Transport for London's compliance officers have a thankless task in keeping Londons 24,300 taxi drivers and 117,000 private hire drivers in check: it's a difficult job on a good day. Thankfully the vast majority of compliance officers are polite, fair, reasonable and in the main do a pretty good job. There are however times when you hear of a story or see video footage of an incident that quite frankly leaves you scratching your head and wondering.
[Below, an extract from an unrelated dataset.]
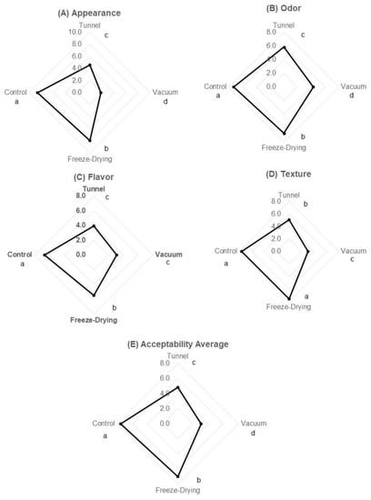 Sensory evaluation of reconstituted yogurt. The figure shows scores of (A) appearances, (B) odor, (C) flavor, (D) texture, and (E) acceptability average. The yogurt obtained by freeze-drying method presented the highest score, while the one obtained by vacuum method showed the lowest. Different letters (a, b, c, d) show significant differences.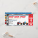 Need four speed monster truck race ticket 4th birthday invitation designed as a VIP admission ticket featuring colourful monster trucks and chequered flag.

When you get a moment I'd urge you to watch this latest video footage taken from Twitter. It centres around the rights and wrongs of a driver displaying the latest 'Taxi' magazine.
Watch the video here
There are a few questions that need answering regarding the compliance officers actions in this video, the first one being why the driver was being castigated for illegal signage. The magazine was not attached to the vehicles rear screen nor partition. It was simply left in the rear of the cab, probably by the driver for the public to read. This neither constitutes illegal signage nor a dirty cab. The compliance officers actions therefore imply that a driver is responsible for any publication left by the public and on public view in his or her taxi and could constitute illegal signage. We then have the first compliance officer leaning into the taxi to remove the magazine and the second officer asking the driver if it could be removed and kept. The driver allowed this, however the question here is the following, is it legal for any carriage officer to remove ANY item from a taxi and keep it or subsequently destroy it? The short answer is no. The driver was then asked for the laminated notice that he possessed, he rightly refused. One of the most concerning issues however was both of the carriage officers insistence that the headline article about an Uber driver being jailed for 12 years was misleading to the public! It is not part of any compliance officers duty to discuss or judge what may be on the front page of a legitimate news resource, regardless of who it involves, whether that be Uber, TfL or even a taxi driver and whether a taxi or a phv can carry it.
In this instance there seems to have been an overstepping of the mark of sizable proportions. It may be wise for TfL to issue an update on the guidelines to both drivers AND compliance officers as to what constitutes illegal signage as well as issuing updated guidelines as to what compliance officers can and cannot do in relation to the carrying of legitimate news resources in a taxi or PHV.